Google has announced its agreement to acquire Nest Labs Inc., a U.S.-based manufacturer of smart home devices, for US $3.2 billion in cash. Among Nest’s products are internet-connected thermostats and smoke/carbon monoxide alarms. Nest will continue to be led by co-founder and CEO Tony Fadell, maintain its brand identity, and bring its team to Google. The transaction is expected to close within the next few months, subject to customary closing conditions, including U.S. regulatory approval.
Tarifica’s Take
Spending a large sum of cash money to acquire a startup is a bold move on Google’s part, but one that is in keeping with its ambitions to extend itself more and more deeply into the fabric of everyday life, specifically by way of hardware (the launch of Google Glass and the acquisition of Motorola Mobility are previous examples). While it only consists of two systems, Nest’s product line embodies the “internet of things” concept that has been gaining ground recently.

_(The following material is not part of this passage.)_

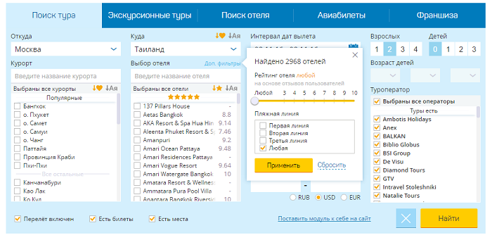 - Форма поиска туров Слетать.ру содержит дополнительные фильтры, которые позволяют конкретизировать поисковый запрос. Кроме даты путешествия, города прилета и других стандартных параметров, вы можете указать рейтинг отеля и пляжную линию. Чем больше фильтров задействовано — тем быстрее вы подбираете нужный тур.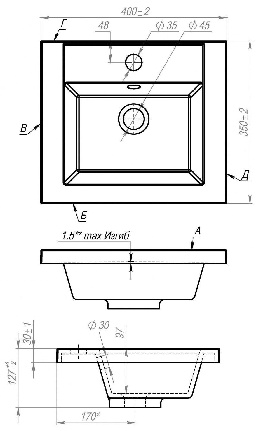 - Диаметр отверстия под смеситель: 35 мм

It seems to us that the route to success with this concept is to provide services that go beyond the merely gimmicky to deliver a high level of practicality. The Nest Learning Thermostat and Nest Protect, by allowing consumers to monitor and control key home functions from anywhere a cellular connection exists, would appear to meet that criterion.
While some in the industry have speculated that Google is doing this deal just to get Mr. Fadell, a former designer at Apple, it seems much more likely that the primary motivation was to gain an early foothold in a technological field that stands to grow dramatically over the coming years. If it prospers, mobile operators will also want to get involved in ways beyond simply deriving revenue from the resulting data usage. AT&T has already made a move with AT&T Digital Life, a customizable home security and automation service. For MNOs in general, competing with Google is an option (depending on the size of the MNO), as is partnering with the company to co-brand and integrate existing systems.